In one room, Mak’s 2018 “Relic” series presents an array of lenticular prints framing quintessentially turn-of-the-millennium electronics in a compositional layout reminiscent of religious iconography. Idolized “relics” such as a Tamagotchi, a Sony CD Walkman, and a Nokia cell phone remind the viewer of a time before smartphones replaced all of those devices. Outside of this shrine are three foam board cutouts called Running on Taobao (2018), referencing the ubiquitous e-commerce platform, and depicting life-sized silhouettes running on treadmills with super-sized displays playing Iron Man and films from the Terminator and Star Wars series.
“拆”—“to be demolished” notice in Caochangdi, Beijing, 2018. Courtesy of Josh Feola.
Installation view of Mak Ying Tung2, Mr. Fool Wants to Move the Mountains, 2018. Courtesy of the artist and de Sarthe Gallery.
On the floor below is Mr. Fool Wants to Move the Mountains (2018), which consists of three large piles of sand and a fleet of eight vacuum robots pointlessly attempting to suck them up. The piece’s title references a folk story about an old man who decides to remove two mountains sitting in front of his residence, digging at them every day until divine providence intervenes to move them for him. In English, this four-character idiom, “愚公移山,” is sometimes loosely translated to “where there’s a will, there’s a way,” an ethos that resonates all too well with de Sarthe Beijing’s current predicament.
Generally speaking, the artists that de Sarthe represents have found success. Shanghai-based Wang Xin, who last exhibited at the gallery’s Beijing space in 2017, has a show touring K11 art centers at the moment. Hong Kong artist Andrew Luk has a show opening in August at K11 in Shanghai; he’d had a show scheduled to open at de Sarthe Beijing the week before, but that has been postponed.
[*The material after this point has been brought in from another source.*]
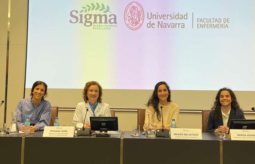 El acto fue moderado por la enfermera y responsable de Relaciones Internacionales y Alumni de la Facultad de Enfermería, Clara Cabrera y contó con las intervenciones de Rosana Goñi, enfermera de Práctica Avanzada en la CUN; la profesora de la Facultad de Enfermería Maider Belintxon; y la estudiante de cuarto curso del Diploma Liderazgo, Investigación y Docencia, Naroa Asiain.
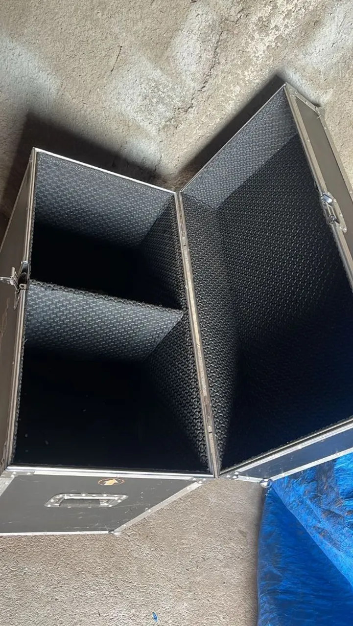 Case baú ideal para transporte e armazenamento seguro de caixas e cabos de som. Design resistente e compartimentos internos para organização.

After loading out all of their artists’ works by the end of next week, de Sarthe Beijing will immediately begin searching for a new space elsewhere in the city, according to director Nessa Cui. As someone who has grown accustomed to Beijing’s rapid pace of urban flux, the eviction notice, coming after months of speculation, almost came as a relief to Cui. She says that the city’s “constant change” is why de Sarthe is here in the first place, and will keep them here despite this relocation.